We’ve created GPT-4, the latest milestone in OpenAI’s effort in scaling up deep learning. GPT-4 is a large multimodal model (accepting image and text inputs, emitting text outputs) that, while worse than humans in many real-world scenarios, exhibits human-level performance on various professional and academic benchmarks.
Full paper available here: https://cdn.openai.com/papers/gpt-4.pdf
I haven't read this page in detail.

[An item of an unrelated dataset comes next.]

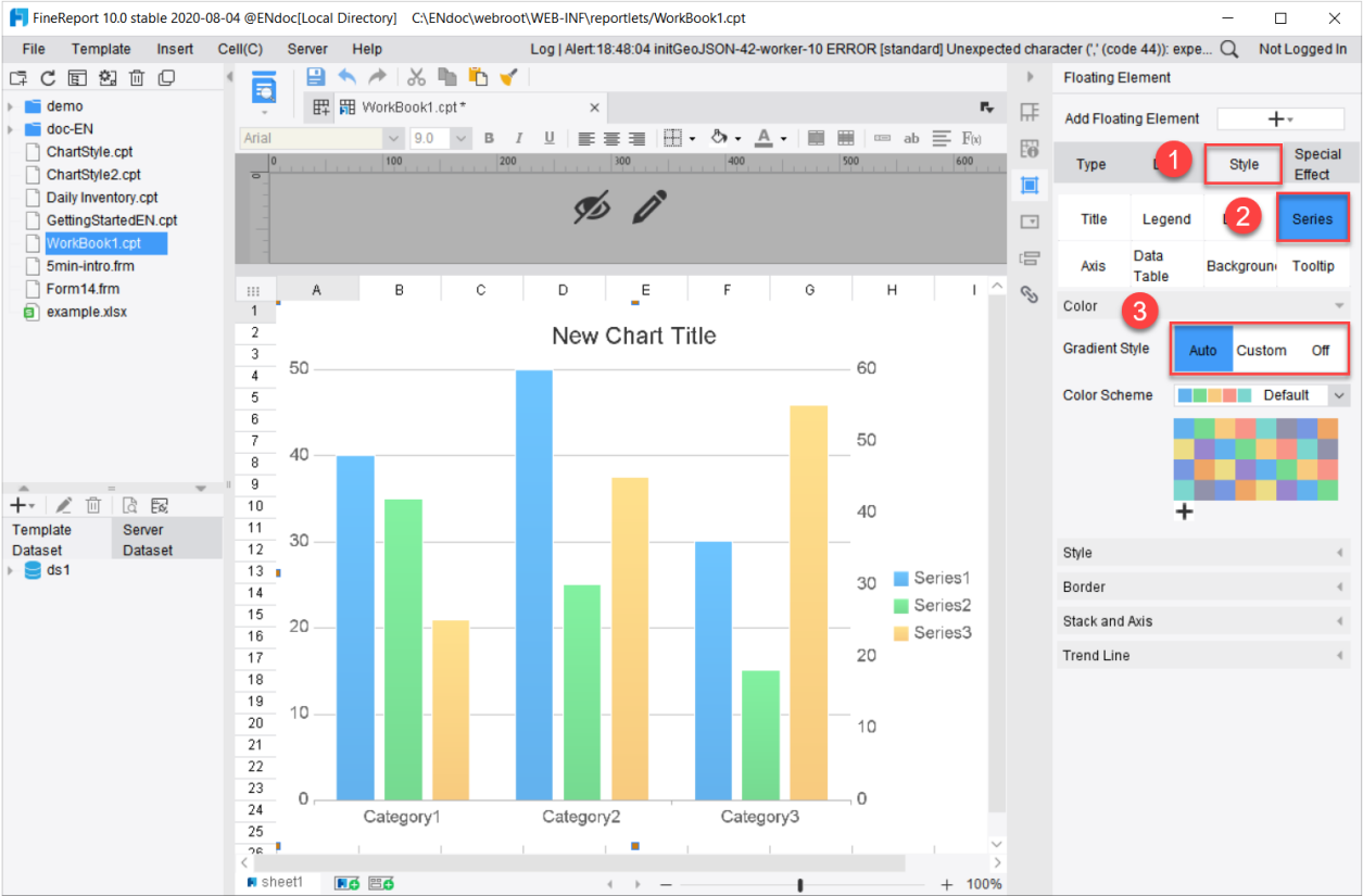 2) Set [Data Source] to [Dataset Data] and select the newly created [ds1] for [Dataset], [Category_name] for [Category] and [Enable Field Name] for [Series Name from].

I agree, obviously, that on many prompts Bing Chat, like ChatGPT, gives very impressive answers. Also, there are clearly examples on which Bing Chat gives a much better answer than GPT3. But I don't give lists like the one you linked that much weight. For one, for all I know, the examples are cherry-picked to be positive. I think for evaluating these models it is important that they sometimes give indistinguishable-from-human answers and sometimes make extremely simple errors. (I'm still very unsure about what to make of it overall. But if I only knew of all the positive examples and thought that the corresponding prompts weren't selection-biased, I'd think ChatGPT/Bing is already superintelligent.) So I give more weight to my few hours of generating somewhat random prompts (though I confess, I sometimes try deliberately to trip either system up). Second, I find the examples on that page hard to evaluate, because they're mostly creative-writing tasks. I give more weight to prompts where I can easily evaluate the answer as true or false, e.g., questions about the opening hours of places, prime numbers or what cities are closest to London, especially if the correct answer would be my best prediction for a human answer.